Capacity Utilization Still Ramp-Up Mode

  • Indian facilities:
    • Bavla: 50% utilization (FY24)
    • Naroda: Dropped from 85% (FY23) to 70% in FY24
  • Some overseas facilities (e.g. Shanghai) remain underutilized (35%)

Debt Servicing Ability

Liquidity Position

  • Cash & equivalents: ₹392 Cr (1H25).
  • DSRA of ₹3 Cr ensures interest payment security.
  • Short-term debt: ₹923 Cr (1H25) vs. operating cash flow of ₹59 Cr (1H25) – needs monitoring.
  • Listed on NSE & BSE, with public holding of 40.68%
  • Business is cash-generating with strong export receivables; however, working capital cycles remain elongated due to the nature of CRAMS operations
  • Expected cash inflow of INR 150-160 Cr to standalone entity over 2–3 years from the CHF 120 Mn orderbook

Debt Repayment Schedule

  • Major repayments due in FY26 (₹258 Cr) & FY27 (₹974 Cr).
  • Bullet repayment of CHF 100 Mn (₹913 Cr) in FY27 (Swiss loan).
  • Market-linked debentures (₹58 Cr) due in FY26 – refinancing risk exists.

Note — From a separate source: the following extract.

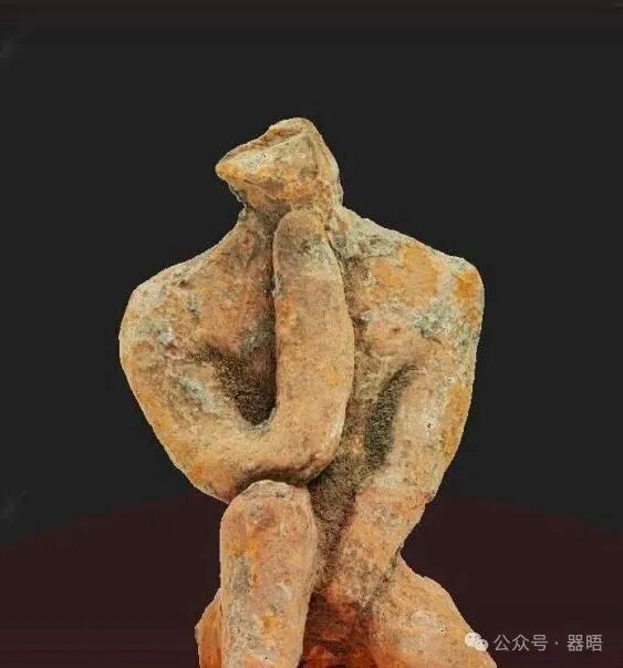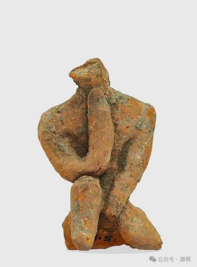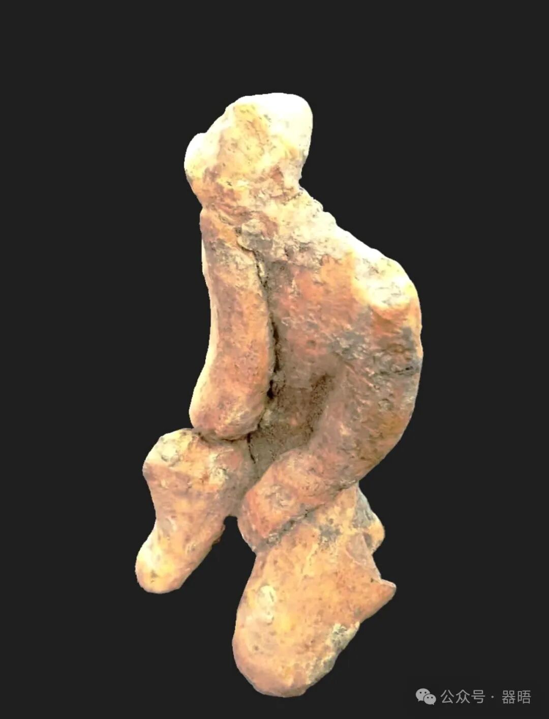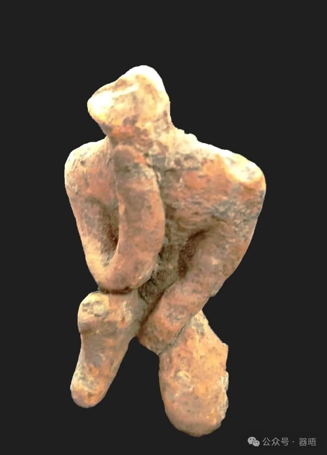 数日前湖北文物考古院方勤院长发来陶塑图片,我看到顿觉惊诧,近日又过手亲眼反复观赏,真是一个难得的发现。这尊陶塑让人立时想到罗丹的雕塑《思想者》,可这却是石家河先民4000年前的作品,感觉到艺术思维穿越时空的巨大魅力。

Interest Coverage Ratio (ICR)

  • ICR at 2.6x (1H25), down from 6.6x in FY21, but still manageable.

Cashflow for 10.00% Dishman Carbogen Amcis Limited 2027

Investment Verdict: Should You Invest in DCAL’s NCDs?

✅ Reasons to Invest

Secured NCDs backed by real estate & promoter guarantee.
Stable revenue growth (8% YoY) & improving EBITDA.
Strong global CRAMS business with high entry barriers.
Regulatory clearances (EDQM, PMDA) to drive future orders.

⚠️ Caution Points

  • High leverage (Net Debt/EBITDA at 5.9x).
  • Working capital delays & tax litigation risks.
  • FY26-27 debt repayments need refinancing/strong cash flows.

Final Takeaway

DCAL’s NCDs offer a moderate-risk, asset-backed investment with stable cash flows from a globally diversified CRAMS player. However, investors must monitor debt repayment schedules, margin recovery, and regulatory risks.

For risk-averse investors, the asset security and promoter guarantee provide comfort, while aggressive investors may look for higher yields if DCAL’s growth trajectory improves.

Disclaimer: This is not investment advice. Conduct your own due diligence before investing.